╔══
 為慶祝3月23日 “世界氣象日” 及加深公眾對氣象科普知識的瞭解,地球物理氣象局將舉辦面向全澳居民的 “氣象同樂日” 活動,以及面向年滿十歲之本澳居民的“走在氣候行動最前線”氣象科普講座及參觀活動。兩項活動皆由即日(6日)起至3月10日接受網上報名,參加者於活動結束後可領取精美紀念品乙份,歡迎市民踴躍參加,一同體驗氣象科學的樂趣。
╚══
╔══
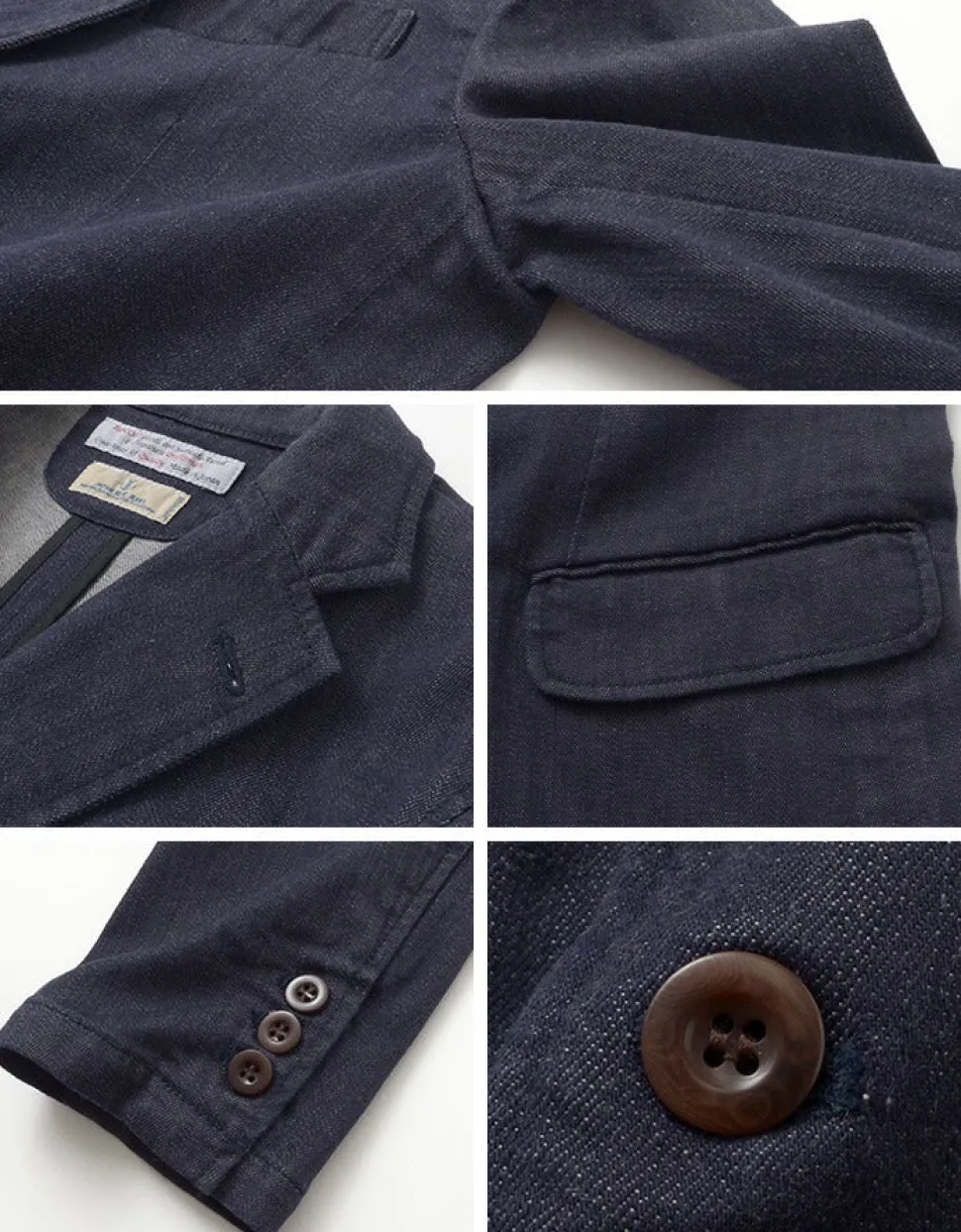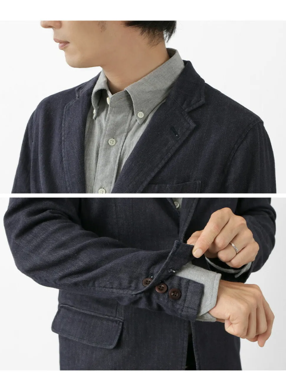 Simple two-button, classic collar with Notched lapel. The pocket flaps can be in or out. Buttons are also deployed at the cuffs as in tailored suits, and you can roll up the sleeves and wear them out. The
╚══
╔══
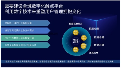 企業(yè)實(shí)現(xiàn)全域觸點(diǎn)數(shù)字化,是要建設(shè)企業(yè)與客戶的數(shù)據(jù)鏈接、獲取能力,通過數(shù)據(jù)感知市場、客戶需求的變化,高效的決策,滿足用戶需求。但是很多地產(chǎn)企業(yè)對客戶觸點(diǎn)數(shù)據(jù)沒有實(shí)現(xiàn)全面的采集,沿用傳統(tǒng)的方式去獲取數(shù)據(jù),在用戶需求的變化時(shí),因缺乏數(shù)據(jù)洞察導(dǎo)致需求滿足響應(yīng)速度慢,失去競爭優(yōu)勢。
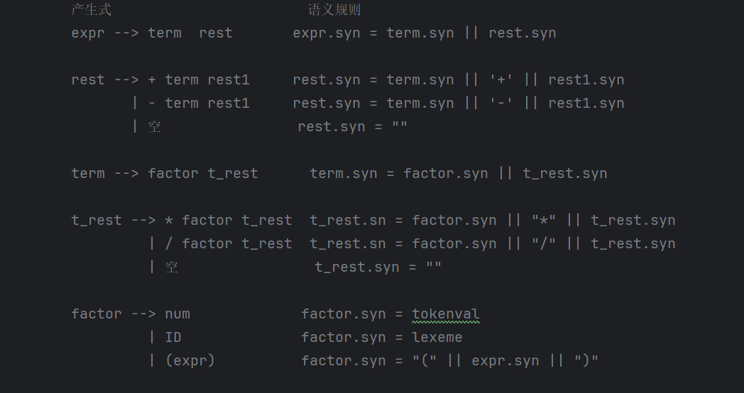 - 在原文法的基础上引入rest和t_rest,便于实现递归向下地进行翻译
╚══
**TASK TO CARRY OUT**
Your reply is to be an exact repeat of the listing above from the line holding "企業(yè)實(shí)現(xiàn)全" down to the line holding "- 在原文法的基础上引入rest和t_rest,便于实现递归向下地进行翻译", ends included, pictures excluded.

**OUTPUT OF THE EXERCISE**
 企業(yè)實(shí)現(xiàn)全域觸點(diǎn)數(shù)字化,是要建設(shè)企業(yè)與客戶的數(shù)據(jù)鏈接、獲取能力,通過數(shù)據(jù)感知市場、客戶需求的變化,高效的決策,滿足用戶需求。但是很多地產(chǎn)企業(yè)對客戶觸點(diǎn)數(shù)據(jù)沒有實(shí)現(xiàn)全面的采集,沿用傳統(tǒng)的方式去獲取數(shù)據(jù),在用戶需求的變化時(shí),因缺乏數(shù)據(jù)洞察導(dǎo)致需求滿足響應(yīng)速度慢,失去競爭優(yōu)勢。
 - 在原文法的基础上引入rest和t_rest,便于实现递归向下地进行翻译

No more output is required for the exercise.